Price Discrimination
TLDR
- Standard domains are not vulnerable to price discrimination.
- Price discrimination is allowed for premium domains.
- Fee classes used for price discrimination are opaque to registrants.
- Phased rollouts add to the risk of price discrimination.
- Price discrimination encourages fee class bloat (aka re-tiering).
Overview
Price discrimination is a tactic where customers are charged differing prices for identical services. To accomplish this, a seller must have a way of determining which customers are willing to pay more and how much more they are willing to pay.
Registry Premium Domains Only
Only registry premium domains are vulnerable to the price discrimination tactics described below.
Standard Domains
Domains in the standard
fee class benefit from identical pricing protections. The renewal price for these domains can be increased, but must be increased for everyone at the same time. That means standard domains are not vulnerable to significant price discrimination.
Premium Domains
For registrants, the worst case scenario is that premium domains are vulnerable to individualized price discrimination. The best-case scenario is that premium domains might need to have identical renewal prices for each fee class which makes them vulnerable to cohort-based price discrimination.

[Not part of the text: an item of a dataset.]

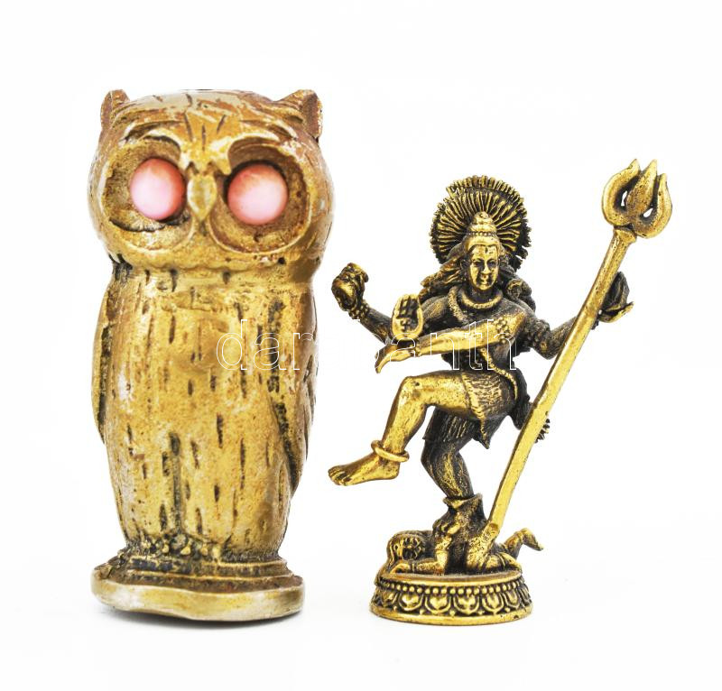 Bagoly és keleti isten figura, réz és rezezett fém, m: 4-5 cm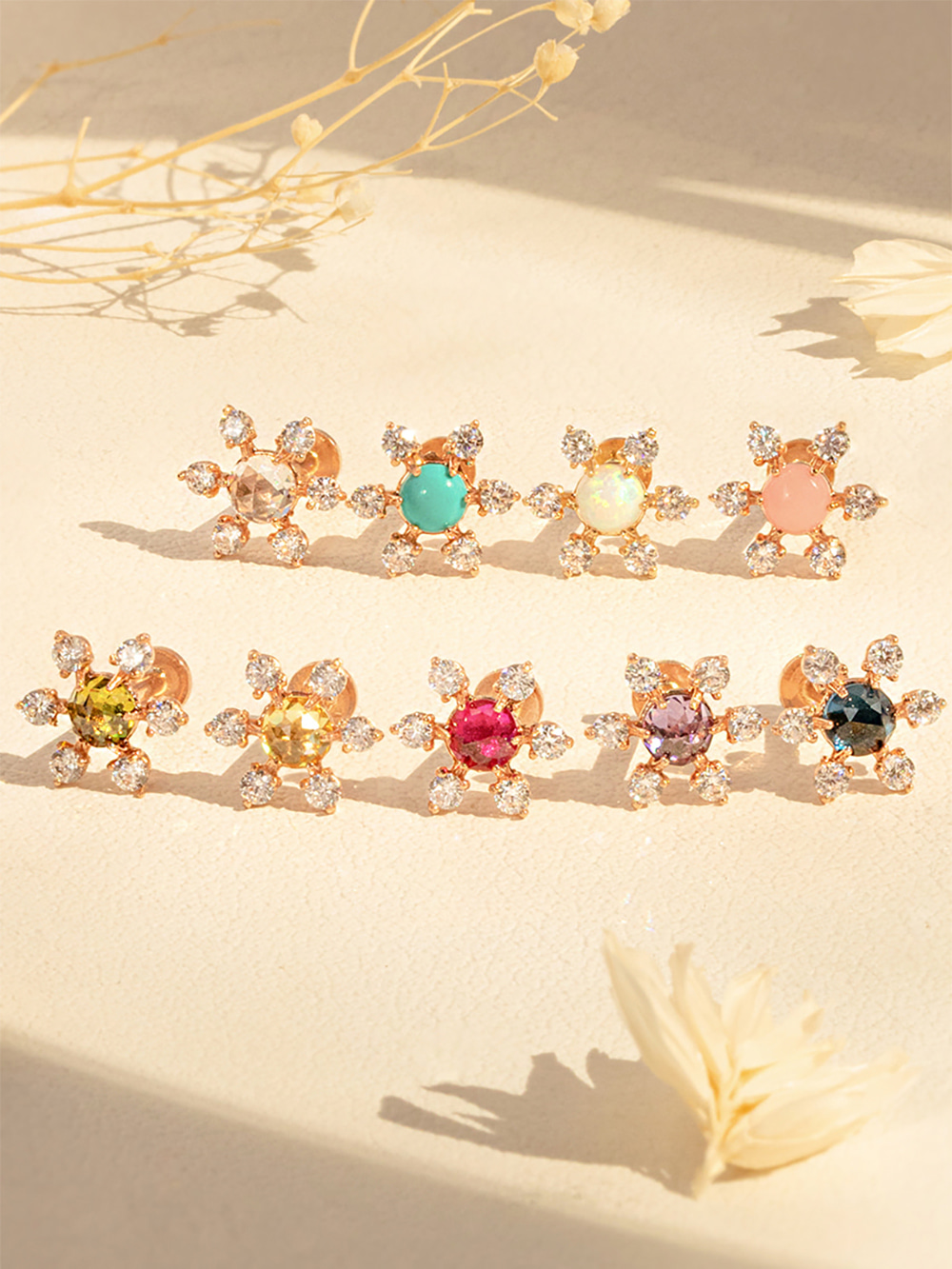 14K 인터널 플라워 로즈컷 큐빅 라블렛 피어싱

In 2022 Domain Name Wire asked ICANN if registries are allowed to move premium domains between fee classes and received the following response (emphasis added, truncated):
ICANN circa 2022
In the hypothetical scenario you presented (“[…] this name has been singled out to move to another of the premium pricing tiers while other names haven’t.”), one of the things that comes to mind is whether or not the RO’s approach would be consistent with the requirement regarding maintaining uniform pricing. … However, … it would be necessary to review all details … These details include prices at the time of the renewal and whether the exceptions stated in Article 2.10 (c) apply to the case at hand – whether the registrant agreed to a higher renewal price at the time of registration
The base registry agreement does not mention premium domains, fee classes (aka tiers), or anything related to the price discrimination strategies used with premium domains. The exceptions are broad and registrants of premium domains very likely have no price protections because price protections are being waived at the time of initial registration.
Even if moving domains between non-standard fee classes is forbidden, there is no limit to the number of fee classes that can be created by registries and registrants of premium domains are still vulnerable to cohort-based price discrimination.
Opaque Fee Classes
In the above hypothetical scenario where premium domains are moved between fee classes, whether it is allowed or forbidden may be moot. Non-standard fee classes are not exposed to registrants, so it would be extremely difficult for a registrant to prove the fee class history of their domain.
Phased Rollouts
Sometimes registries will make premium domains available in a phased rollout where they are priced high initially and have the price reduced gradually over a short period of time. Participating in a phased rollout has the risk of self-selecting for future price discrimination because registrants participating in the early phases can be assumed to be the least price sensitive.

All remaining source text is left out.